Information provided:
▶

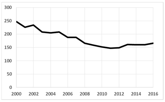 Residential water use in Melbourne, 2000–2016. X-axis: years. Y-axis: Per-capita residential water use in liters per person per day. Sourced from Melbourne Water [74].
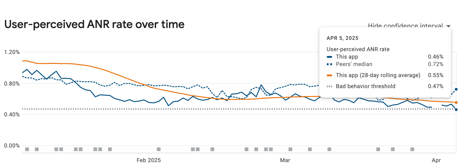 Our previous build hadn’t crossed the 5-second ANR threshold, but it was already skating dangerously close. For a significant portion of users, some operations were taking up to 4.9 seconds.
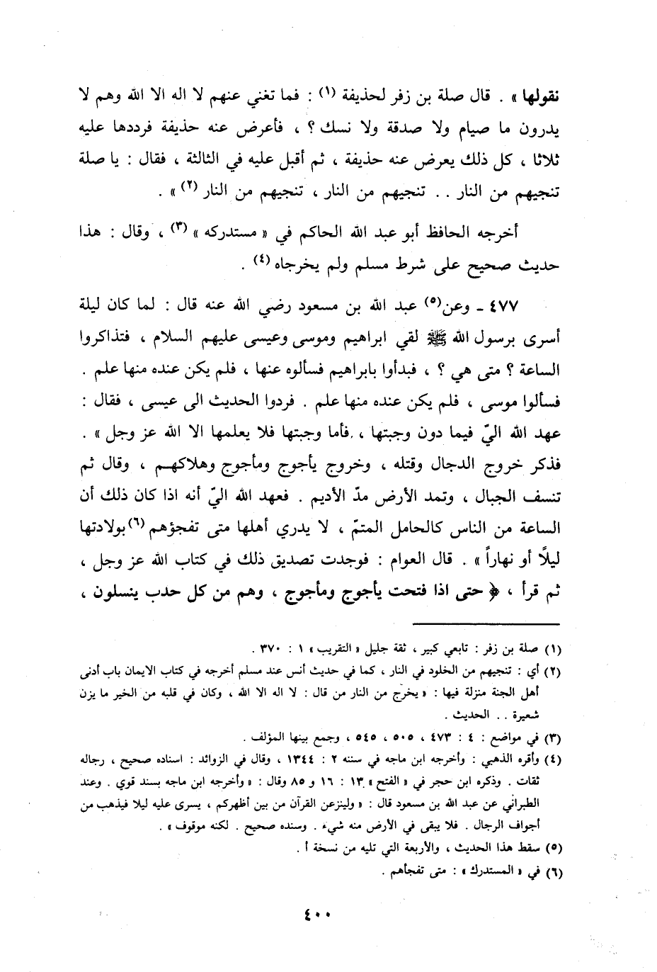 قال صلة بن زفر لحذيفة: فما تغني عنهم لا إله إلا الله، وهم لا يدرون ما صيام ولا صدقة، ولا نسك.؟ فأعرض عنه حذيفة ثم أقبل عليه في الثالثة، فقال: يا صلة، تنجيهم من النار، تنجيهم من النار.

◀

What this task involves:
Return every line of the data above exactly, and omit all pictures.

Output for this task:
 Residential water use in Melbourne, 2000–2016. X-axis: years. Y-axis: Per-capita residential water use in liters per person per day. Sourced from Melbourne Water [74].
 Our previous build hadn’t crossed the 5-second ANR threshold, but it was already skating dangerously close. For a significant portion of users, some operations were taking up to 4.9 seconds.
 قال صلة بن زفر لحذيفة: فما تغني عنهم لا إله إلا الله، وهم لا يدرون ما صيام ولا صدقة، ولا نسك.؟ فأعرض عنه حذيفة ثم أقبل عليه في الثالثة، فقال: يا صلة، تنجيهم من النار، تنجيهم من النار.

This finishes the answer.